Excited to Join the Timescale Community. Hello and a Few Questions!

Jean_Baro · November 24, 2024, 2:06pm

Hello Timescale Community,

I’m thrilled to make my first post here and become part of this amazing community. I’ve been following Timescale’s progress since its early days—back when I was an even bigger PostgreSQL fan and eagerly absorbed everything related to it. As a solutions architect who is passionate about all things database-related, I’m excited to now have the opportunity to work with Timescale (we’re currently benchmarking it as our main time-series option).

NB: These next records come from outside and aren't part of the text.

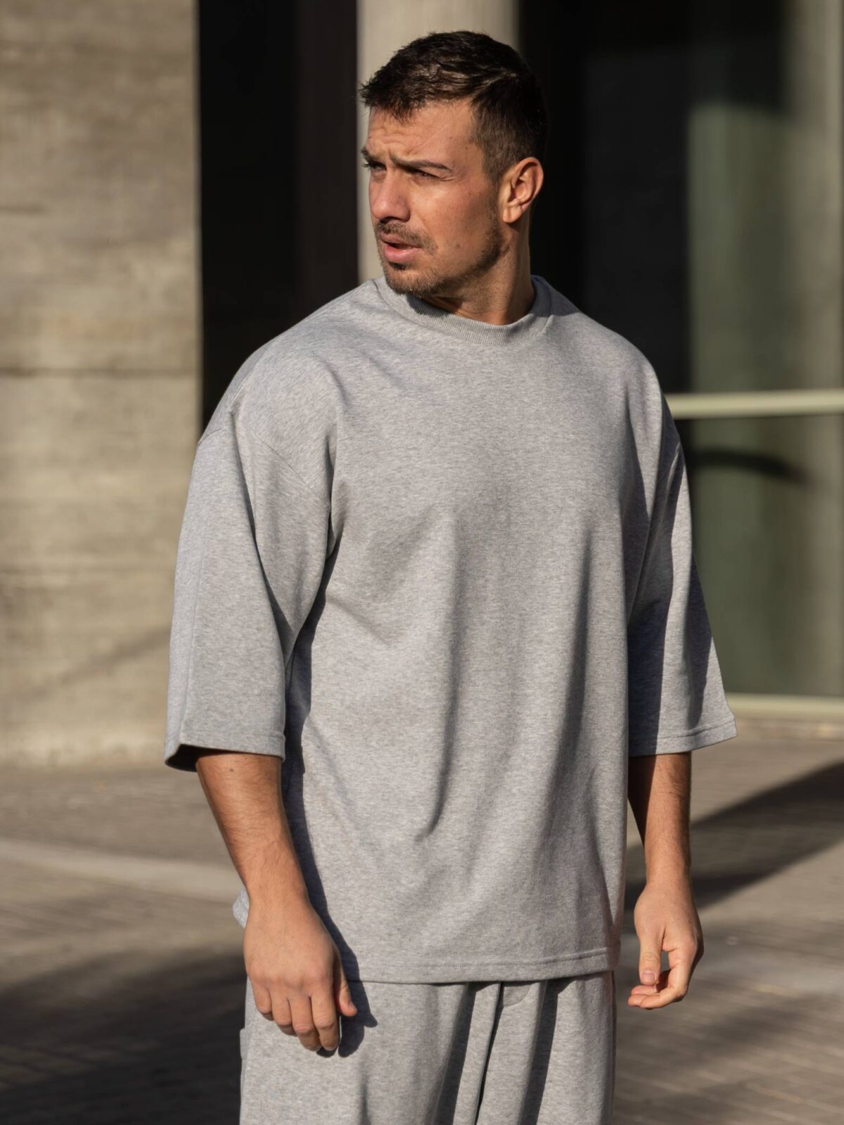 Σετ T-shirt & japaneese baggy φόρμα γκρι σε oversized γραμμή
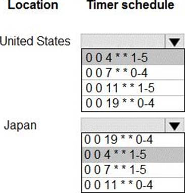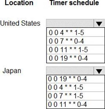 Reference: https://docs.microsoft.com/en-us/azure/azure-functions/functions-bindings-timer?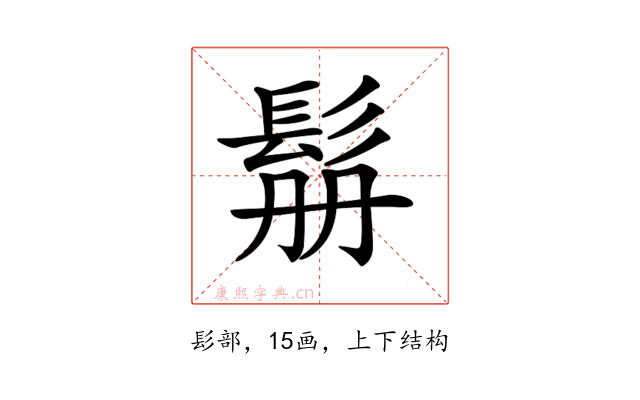 〔𩬥〕字是上下结构,可拆字为“髟、册”。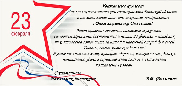 Поздравление начальника инспекции гостехнадзора Брянской области     В.В. Филиппова с 23 февраля
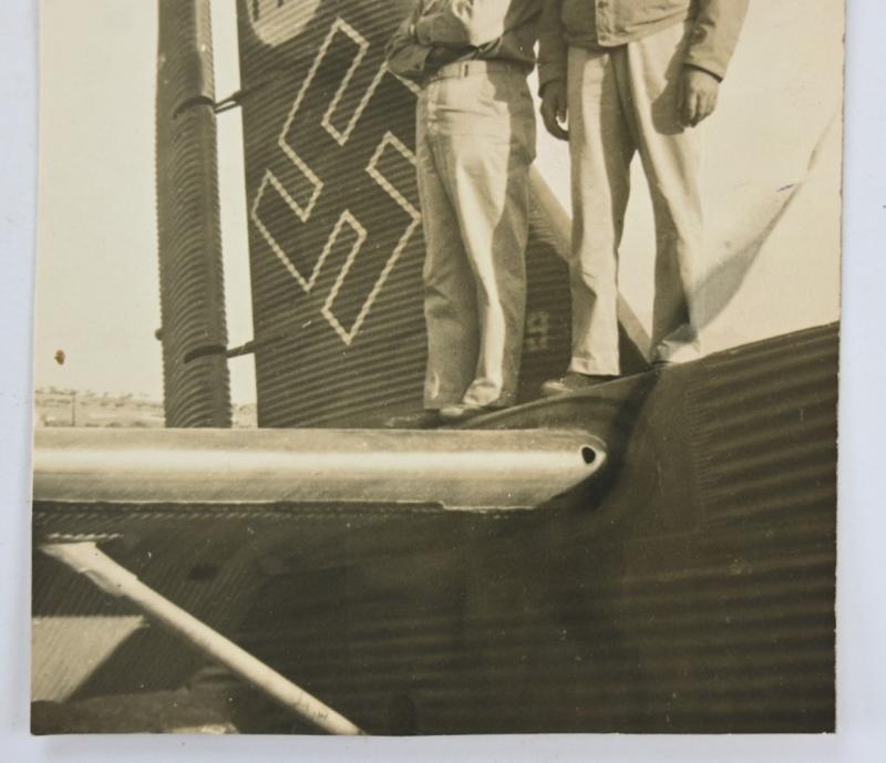 In a very good condition a stunning US WW2 Picture of US Army members on the tale of a German Junkers JU-88 Airplane. The picture comes in a postcard size approx.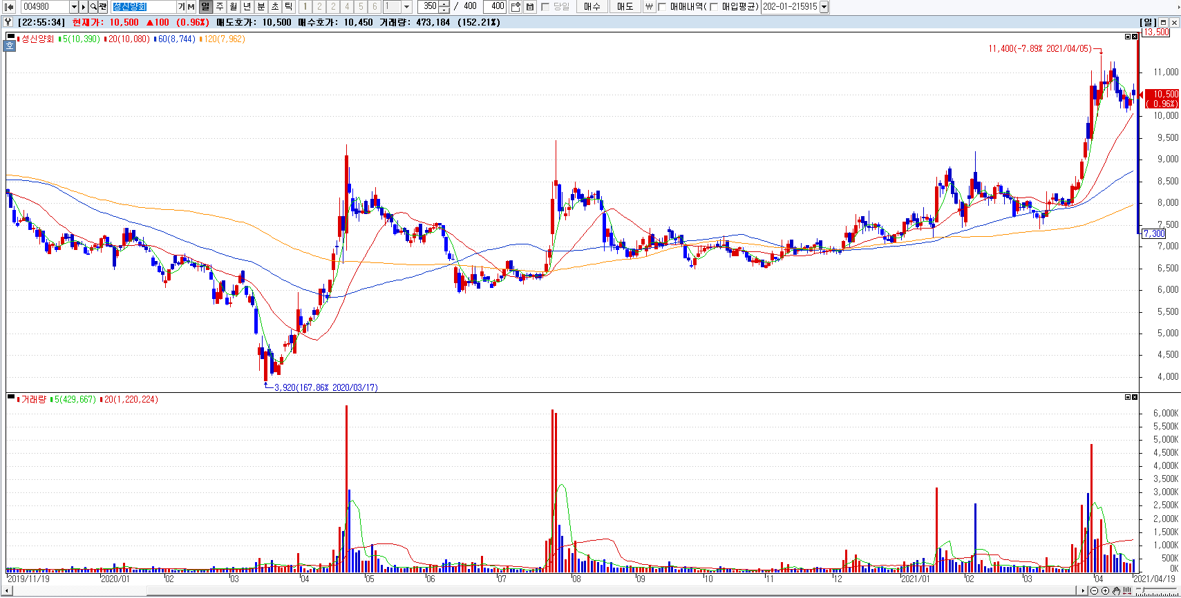 성신양회004980도 COVID-19 영향으로 2020년 3월 17일 3,920원을 찍고 7,000원 대에서 있다가 2021년 3월 23일 부터 계속 상승해서 52주 최고 11,400원을 찍었습니다. 대단합니다. 그리고 2021년 4월 19일 10,500원 종가로 마무리 하였습니다.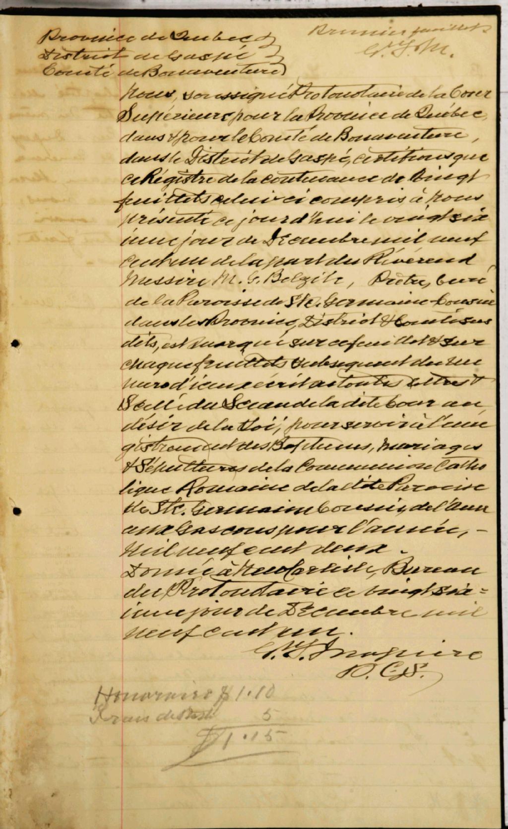Sainte-Germaine-Cousin, 1898-1921, Archives nationales à Rimouski, Fonds Cour supérieure. District judiciaire de Bonaventure. État civil, (01R,CE103,S2).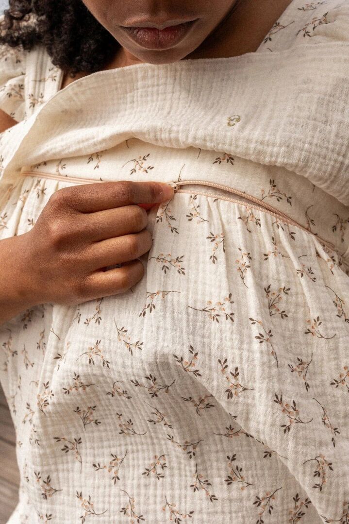 Ouvertures Invisibles : Conformément à la règle d’or de You & Milk, les ouvertures pour allaiter sont dissimulées sous un délicat volant à l'avant, vous permettant d'allaiter en toute discrétion. Personne ne devinera que sous ce volant se cachent les ouvertures magiques pour accéder à la "milk cantine" !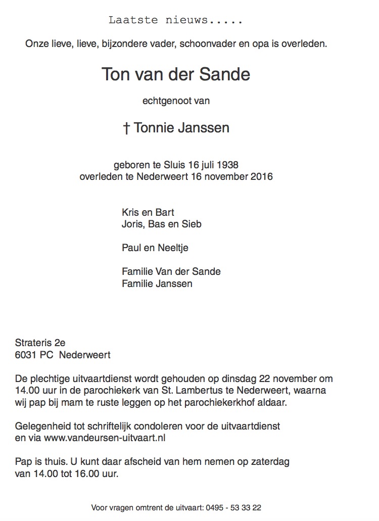 Gecondoleerd met het verlies van jullie vader, schoonvader en opa.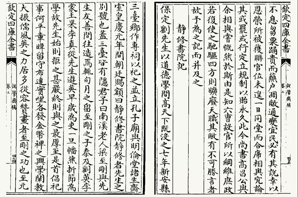 乾隆《新安县志》中,大学士危素在《静修书院记》中写道 :“保定刘先生以道德学问高天下,既没之七年,新安县三台乡作专祠以祀之。并立孔子庙与明伦堂。诸生斋室,皇庆元年间朝廷赐额曰‘静修书院’。”静修书院古今闻名,并历代多次修葺,备受文人墨客景仰。历代文人墨客吟唱静修书院,发思古幽情,表达殷殷的期望和追随之意。特别是明代礼部尚书刘恺,告老还乡后所写“我生愧在三台里,谁为先生步后尘”二句,深切抒发了对静修先生的追思和反思;张寅的“纲常有赖三台地,华夏能开一脉天”,更是对静修书院的高度推崇和企盼。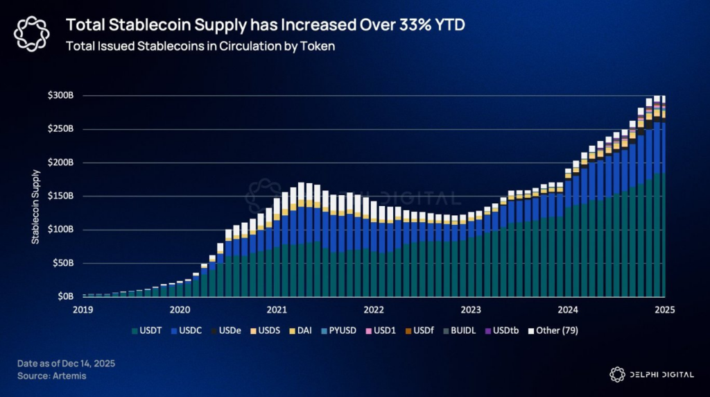 尽管政策层面博弈激烈,稳定币的实际应用仍在持续扩张。最新数据显示,全年稳定币总供应量增幅已超过33%,月均转账额在绝对数值上更是超越Visa。值得注意的是,这些并非仅是交易性流动,而是真实的支付行为体现。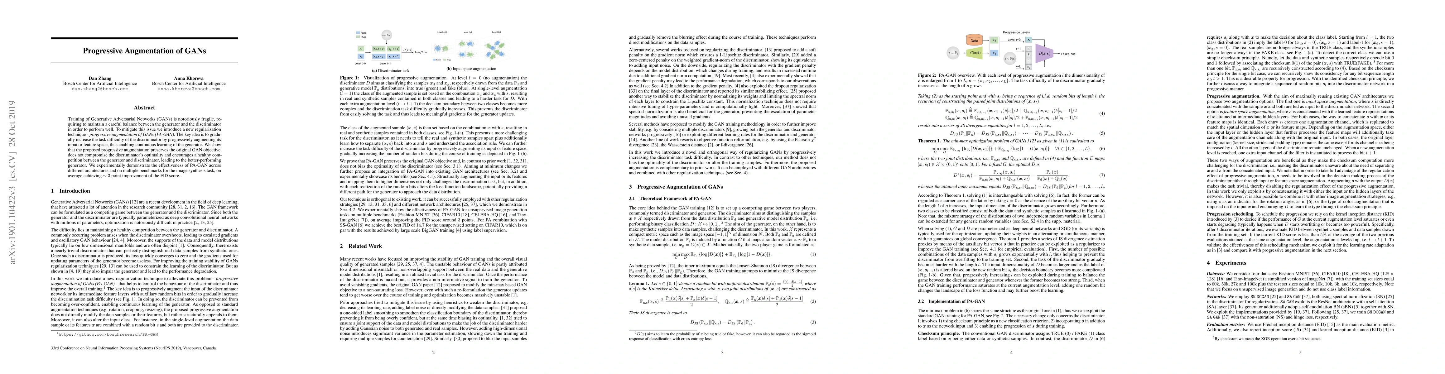 The paper introduces progressive augmentation of GANs (PA-GAN) to stabilize GAN training by gradually increasing the discriminator's difficulty through input or feature space augmentation, which enhances the generator's performance without compromising the discriminator's optimality. Experimental results show an average 3-point improvement in FID scores across various benchmarks.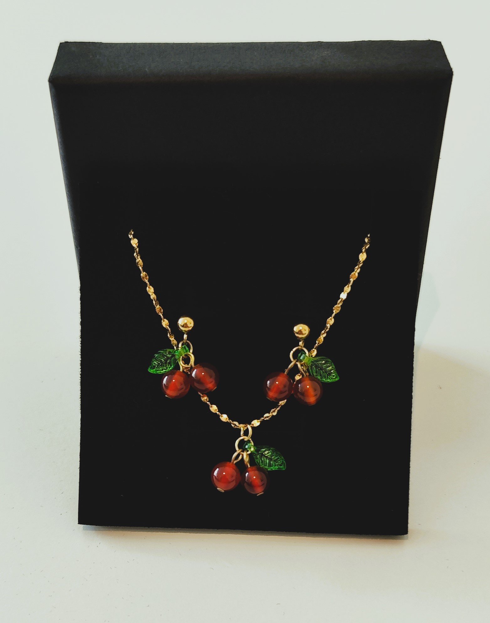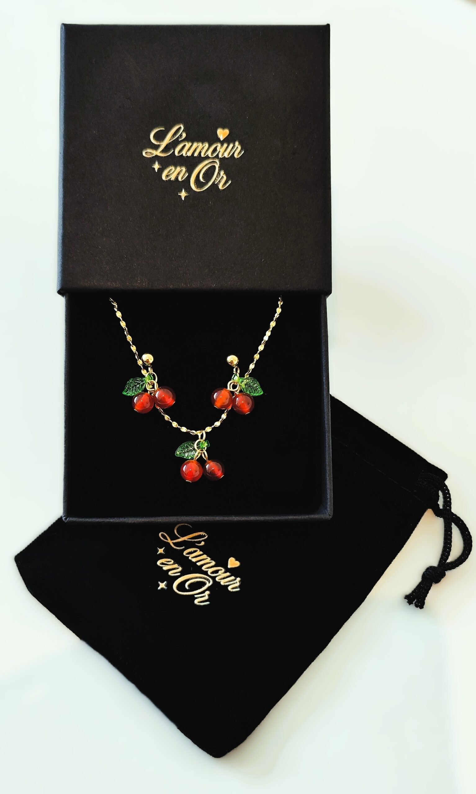 Αναδείξτε το στυλ σας με αυτό το μοναδικό σετ κοσμημάτων που περιλαμβάνει ένα κολιέ και σκουλαρίκια με παιχνιδιάρικα κερασάκια. Ο χρυσός τόνος και τα ζωηρά χρώματα των κερασιών προσδίδουν μια φρέσκια και χαρούμενη αισθητική με γοητεία και λάμψη. Το σετ είναι ιδανικό για καθημερινές εμφανίσεις, ρομαντικά ραντεβού ή ως δώρο σε κάποιο αγαπημένο πρόσωπο.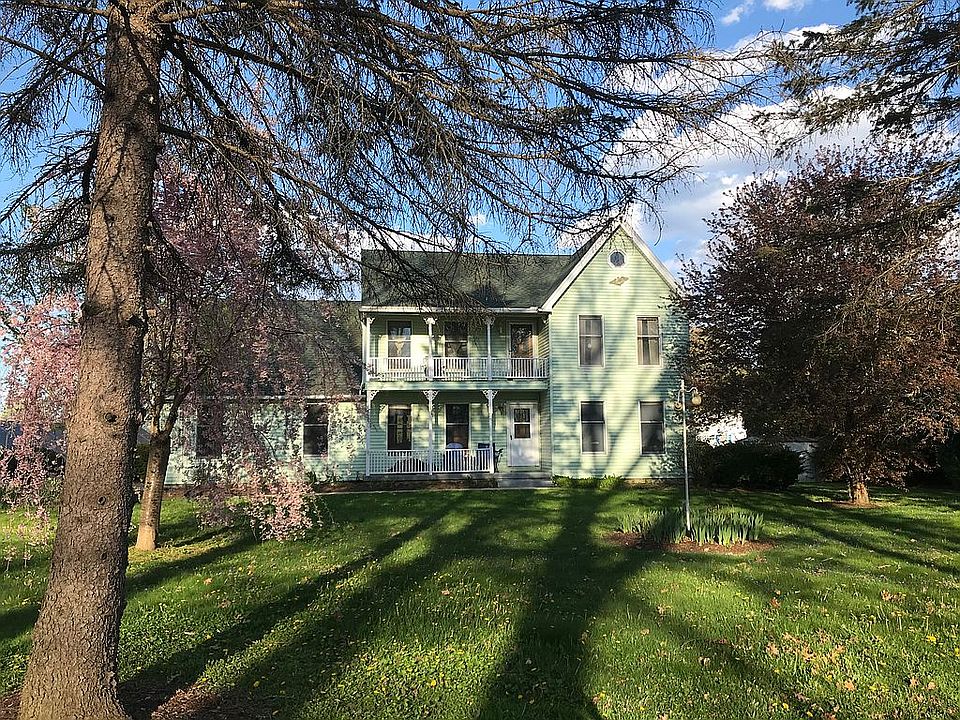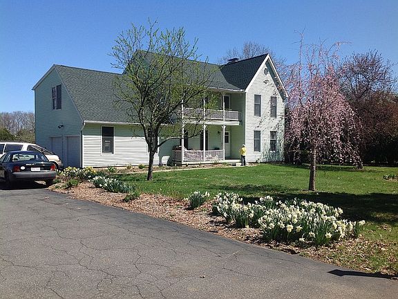 Located right off of Route 9 between Amherst and Northampton, we are selling our lovely home, perfect for a growing family and/or farmers in a prime location. Although marvelously convenient to shopping as well as both wonderful college towns, the small side street on which this property sits is startlingly quiet and rural. Every one of the eight houses on the street is backed up by acres of farmland. The house sits on one acre of land with beautiful fruit trees including an exquisite weeping cherry and two crabapples and a Japanese maple in the front, roses and other flowers lining the driveway and in front of the house. The backyard is spacious, with flourishing raspberries, apple trees and other assorted fruit and nut plantings, as well as plenty of room to throw a frisbee or a ball for young athletes. There is a patio with local stone for outdoor enjoyment. 40 solar panels provide year-round free electricity. 1.69 acres of farmland behind the back yard complete the property. For the last several years, the farmland has been farmed by Next Barn Over, a local organic CSA (Community Sponsored Agriculture) in return for a seasonal share of the bounty to be acquired weekly. The 3 story, multi-bedroom house has 2570 square feet. In addition to an oversized living room, (currently serving a dual purpose as living room and music room,) there is a roomy kitchen, full bath and sitting room/dining room on the first floor, with an attached laundry room/mud room. The second floor includes a master bedroom/full bath, additional full bath, three bedrooms and a two-room mother-in-law apartment. On the 3rd floor is a beautiful finished room with an attached alcove and storage, as well as additional storage across the hall. The large unfinished sealed and dry basement includes an additional partially finished room as well as a shelved food storage or "root cellar". There is also an attached oversized two-car garage with plenty of shelving and additional storage.

I have a few questions and assumptions I’d like to confirm, and I thought this would be a great way to introduce myself:

Using a Single Database for Time-Series and Relational Data: Is it possible with Timescale Cloud to use a single database for both time-series and relational data? For example, can we store relational data in standard PostgreSQL tables and easily join them with time-series hypertables?
Support for PostgreSQL Extensions: Are PostgreSQL extensions supported in Timescale Cloud? Specifically, can we use extensions that are commonly available in managed PostgreSQL services like AWS RDS?
Ensuring Unique Event Capture (Deduplication): What’s the best approach to ensure we capture only the first unique event (e.g., a signal from a device) and avoid duplicates?
Bitemporal Data and Partitioning Strategy (Timestamps in UTC): I plan to store two timestamps for each event—both in UTC: one for when the event happened on the device and another for when it was inserted into Timescale (a bitemporal approach). How would this impact the partitioning strategy?
Setting Up a Secondary Region as Standby: What’s the recommended strategy to set up a secondary region (AWS/Timescale Cloud) as a standby instance, in case the primary region experiences an outage? Ideally, I’d like to minimize costs by paying only for the storage in the secondary region and automatically, within seconds, spinning up the compute resources on demand (triggered by load), similar to a serverless approach, so I don’t need to incur compute costs while the standby remains idle.
Design Considerations for Multi-Region and Bitemporal Data: Are there any additional considerations for designing a time-series database with two regions (primary and secondary) while also supporting bitemporal data?
Multi-Tenancy Modeling, Operations, and Backup Strategies: What is the recommended approach for designing and operating a multi-tenancy model in TimescaleDB? Specifically, are there best practices for managing data segregation, resource allocation, and performance optimization, as well as efficient, tenant-specific backup and recovery strategies that are cost-effective and scalable in a Timescale Cloud environment?

I’m so grateful that this community exists and look forward to learning from all of you. I’m sure I’ll have many more questions in the coming months as we dive deeper into Timescale.

Thank you for your time!

jonatasdp · November 25, 2024, 3:03pm

Welcome to the Timescale community! Let’s go for your questions:

Single Database Usage: Yes, Timescale Cloud fully supports using a single database for both time-series and relational data. You can create standard PostgreSQL tables alongside hypertables and join them efficiently. This is actually one of TimescaleDB’s key advantages over pure time-series databases.
PostgreSQL Extensions: Timescale Cloud supports many common PostgreSQL extensions. Check the list of available extensions and share any specific extension you may need. You can also require an extension directly from the Timescale Cloud Console.

However, some AWS RDS-specific extensions might not be available. Check Timescale’s documentation for the complete list.

Deduplication Strategy: For unique event capture, consider:
- Using a unique constraint on relevant columns (device_id, event_timestamp). Also check this blog for more performance tips.
- Implementing an ON CONFLICT DO NOTHING clause in your INSERT statements
- For batch processing, use a CTE with DISTINCT before insertion
Bitemporal Data Structure: Your approach with dual UTC timestamps is solid, both will compress well too. For partitioning:
- Use the event timestamp for primary chunk partitioning
- Create an index on the insertion timestamp
- Consider smaller chunk intervals if you’ll frequently query by insertion time. Check how to size the chunk properly here.
About secondary regions and multi-region design: I hope this doc can help: Timescale Documentation | High availability
Multi-Tenancy Implementation:
- Separate hypertables per tenant for large deployments. Remember you can also use add_dimension to separate chunks per tenant.

Best practices:

Monitor chunk size and compression ratios
Implement appropriate retention policies
Use prepared statements for better performance
Consider materialized views for common queries
Consider downsampling methods for faster queries.

@Jean_Baro I hope you enjoy our community!

Happy coding!